Skeptics ask what motive the Soviets might have had for imprisoning Wallenberg, and for lying about his fate for decades after. Scholars exploring Wallenberg's relationship with the intelligence agencies battling each other in wartime and postwar Hungary, however, suggest that Moscow may have perceived the Swede as a spy for the West.
"There were few if any neutral businessmen traveling about Europe [in 1944] who did not have some contact or other with some intelligence service, and probably with several," says historian C.G. McKay. And, he says, Wallenberg was no exception.
The Swedish diplomat had been recruited to lead the mission to rescue Budapest's Jews by War Refugee Board member Olsen Ivers, who was also head of the Stockholm station of the U.S. Office of Strategic Services (OSS), the wartime precursor to the CIA. Swedish Security Police, according to McKay, have wiretap records of a cryptic 1943 phone conversation between Wallenberg and British national Cyril Chesire, who headed both the British Passport Office and the British Secret Intelligence Service (SIS) in Stockholm.

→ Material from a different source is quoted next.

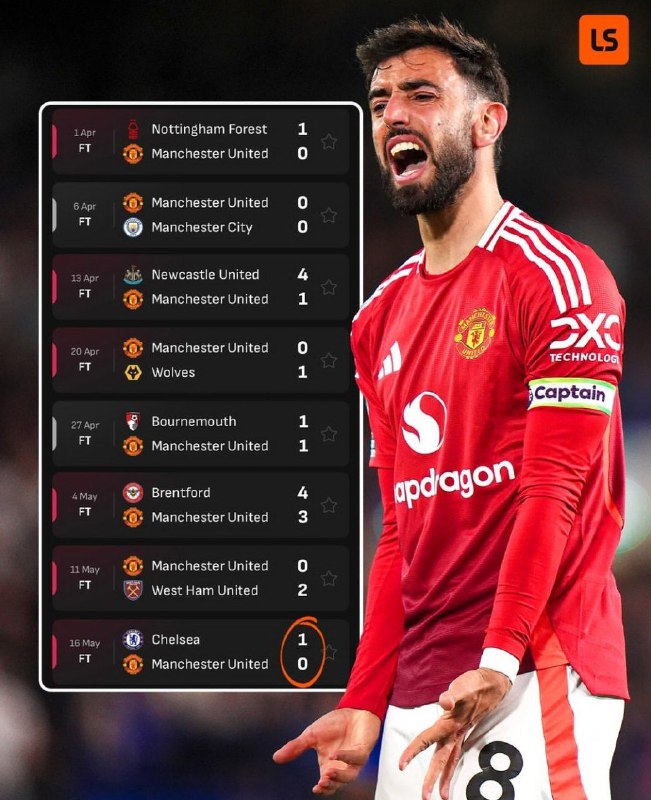🏴󠁧󠁢󠁥󠁮󠁧󠁿❌ منچستریونایتد برای اولین بار در تاریخ پریمیرلیگ، 8 مسابقه متوالی را بدون برد به پایان رساند.

While in Budapest, Wallenberg also had well-documented contact with individuals linked to British intelligence, although American Wallenberg researcher Susan Mesinai suggests he was not necessarily aware of their espionage work. And others have suggested he may have had links with another U.S. wartime intel operation known as the Pond, and that there are still unanswered questions about Wallenberg's relationship with Swedish intelligence.
"Raoul Wallenberg was attempting to use the OSS and almost anyone else to help him help people escape," argues Chris Simpson, a Professor at American University in Washington. "Meanwhile the OSS was attempting to use Wallenberg as a source of intelligence."